Scott C. Beardsley is an American-French professor and academic administrator. He serves as the dean of the Darden School of Business at the University of Virginia, where he is also the Charles C. Abbott Professor of Business.

Early life
Scott C. Beardsley was born in Maine and grew up in Vermont and Alaska. He is of British descent.

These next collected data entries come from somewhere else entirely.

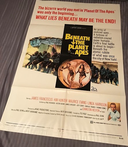 This was the second APES poster I owned (after CONQUEST OF THE PLANET OF THE APES which I'd scored as a teenager). Notice the apparent discoloration on the lower right side? That was because the eBay seller wasn't very careful when he packed this up---and got some of the sticky glue/tape stuff on those USPS Priority Mail boxes on the poster. (No, the poster was NOT wrapped in plastic or anything else protective. Just shoved in a box, sealed, and sent. I had to painstakingly super slowly peel it away, That discoloration is a thin layer of the box still attached to the back of the poster. GRRR. I have purchased another copy or two since getting this one. But this remains my least favorite film in the series as well as my least favorite poster.
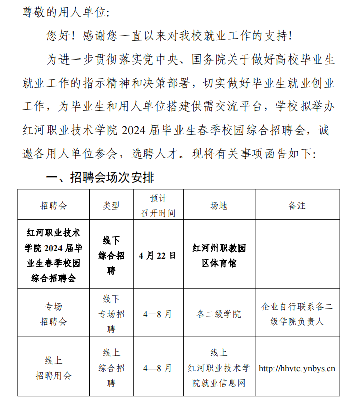 紅河職業(yè)技術學院2024屆畢業(yè)生春季校園綜合招聘會邀請函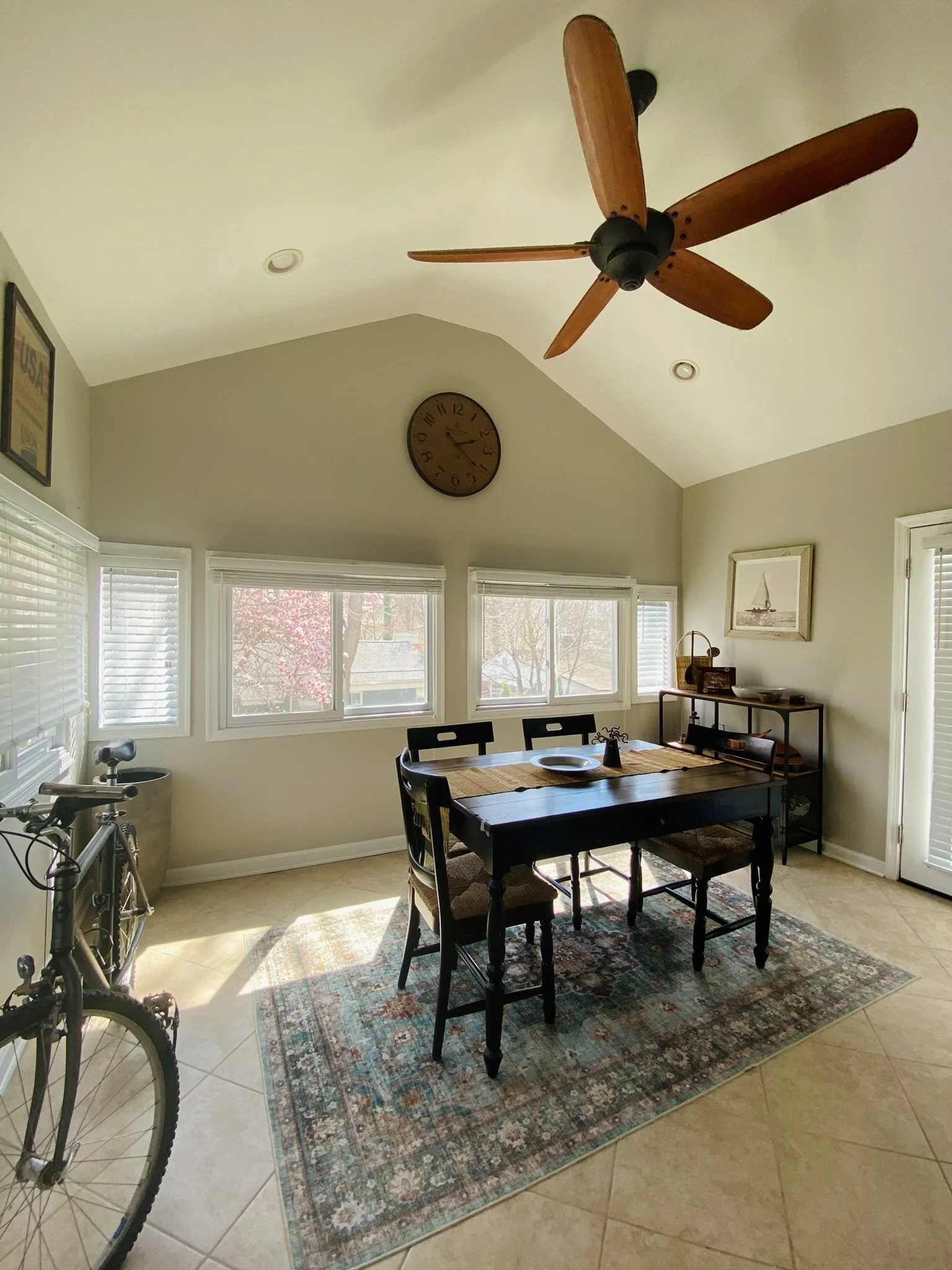 The re-visioned dining room is south-facing to the yard. During the springtime, the neighbor’s magnolia tree has a full bloom and creates an exceptional view.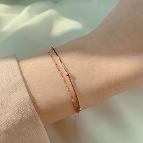 실버925 데일리 두줄 볼체인 레이어링 팔찌 2color(로즈골드 실버)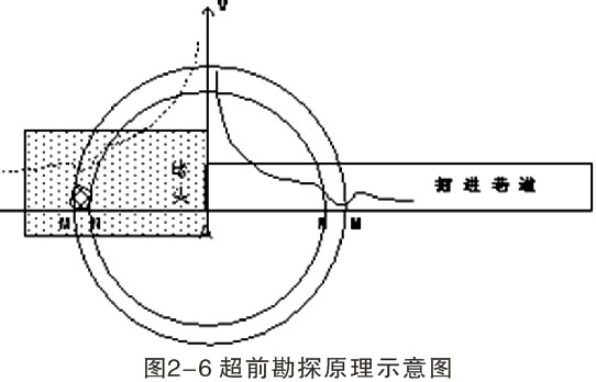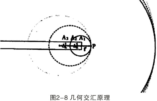 利用一个供电电极A测到的视电阻率异常是反映整个球壳内部的异常,并不能说明异常就在迎头的前方,因为在以供电电极AxO为半径的球体内(O为MN电极的中点)任何一处异常引起的等位面的变化均可以影响到测量值,因此如果测量值有异常时,不能正确判断异常点的具体位置。为了达到超前探测的目的,我们采用三个供电电极交替供电分别测量的方式,利用几何交汇的原理(如图2-8所示),只反映出迎头前方的异常情况。这种方法可以消除顶板、底板和后方的影响,反映巷道迎头前方的地质异常,达到超前探测的目的。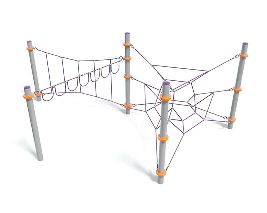 Tree Vine Challenge is an adventurous playground structure that mimics the natural growth of vines around trees. Featuring vertical poles and a horizontal web and diagonal ropes, it invites children to climb, swing, and navigate through its intricate design. This engaging equipment promotes physical strength, coordination, and imaginative play, transforming any playground into a jungle of fun and exploration.
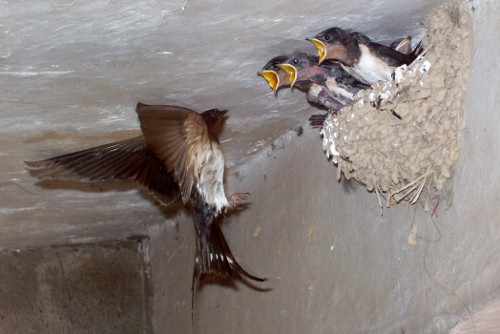 小時(shí)候我總喜歡觀察燕子。有時(shí),我饒有興致地仰著頭,看它們喂養(yǎng)孩子。只要大燕子一出現(xiàn),它們的孩子全部從巢里齊刷刷地仰起腦袋,露出黃色小嘴巴,嗷嗷叫嚷。有時(shí)無聊,我趴在外婆家閣樓的稻草堆上,看屋檐外的一群燕子停在閣樓的邊沿,當(dāng)有一只燕子飛近時(shí),燕子們都拍翅,叫喚著相迎。我看懂了它們的語言,它們在進(jìn)行友好的表示。是同類,盡管陌生,它們卻能友好相處,沒有排斥,沒有人類社會的互相傾軋。我想燕子與人類的相處是動(dòng)物和人類和諧相處的典范,人類接受了燕子并把燕子當(dāng)作吉祥物供養(yǎng),這是幾千年來一直延續(xù)下來的。就連北京舉辦奧運(yùn)會,五個(gè)福娃中也有一只展翅飛翔的燕子“妮妮”,其造型創(chuàng)意來自北京傳統(tǒng)的沙燕風(fēng)箏,寓意著妮妮把春天和喜悅帶給人們。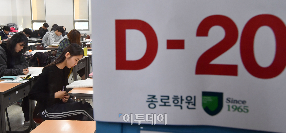 2018학년도 대학수학능력시험을 20일 앞둔 27일 오전 서울 중구 종로학원에서 수험생들이 막바지 정리에 집중하고 있다. 이동근 기자 foto@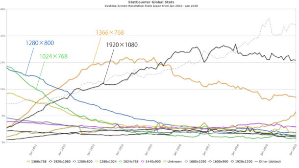 しかしこれらの解像度のシェア率はだんだんと落ちていき、2020年1月現在では国内で10%以下です。
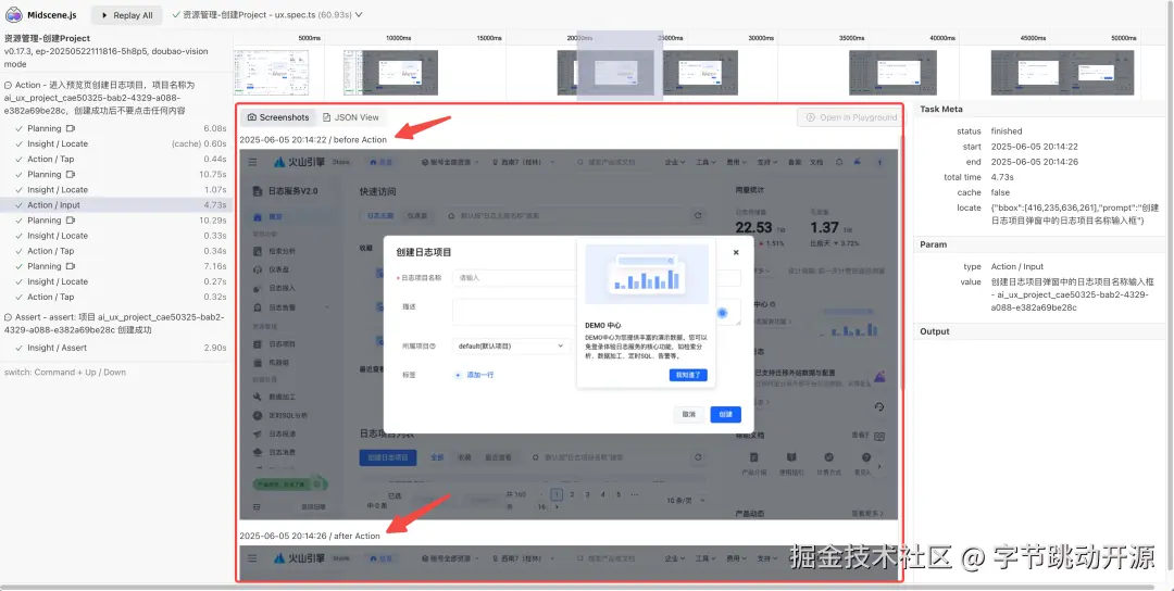 我们从 Midscene.js 的回放报告中可以看到 Midscene.js 在动作的前后进行了记录(Before Action、After Action)
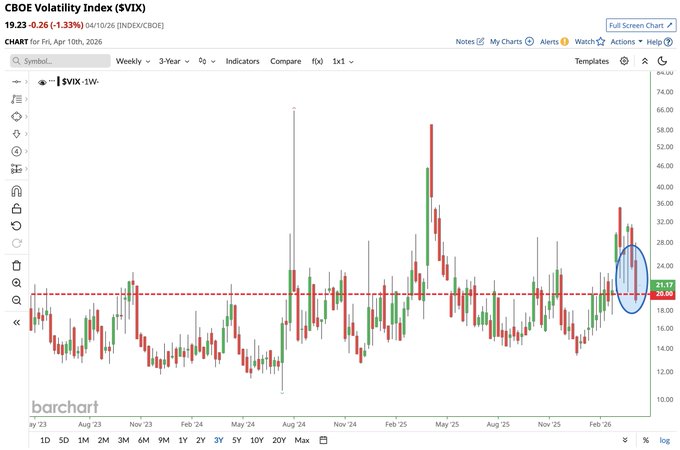 CBOE Volatility Index $VIX got its first weekly close below 20 since February đđŤĄđĽłđŤ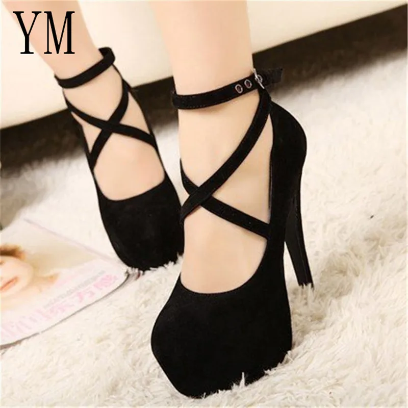 Promo Shoes Woman Pumps Cross-tied Ankle Strap Wedding Party Shoes Platform dress Women Shoes High Heels

Beardsley graduated from Tufts University, where he earned a Bachelor of Science in electrical engineering. He subsequently earned a master in business administration from the MIT Sloan School of Management. He earned a doctorate of education in Higher Education Management from the University of Pennsylvania in 2015.

Career
Beardsley worked for McKinsey & Company for 26 years. He joined their New York City office in 1989, and was transferred to their office in Brussels, Belgium in 1991. He became a partner in 1995, and a senior partner in 2000. He served as McKinsey's head of talent development and co-founder of the McKinsey Academy.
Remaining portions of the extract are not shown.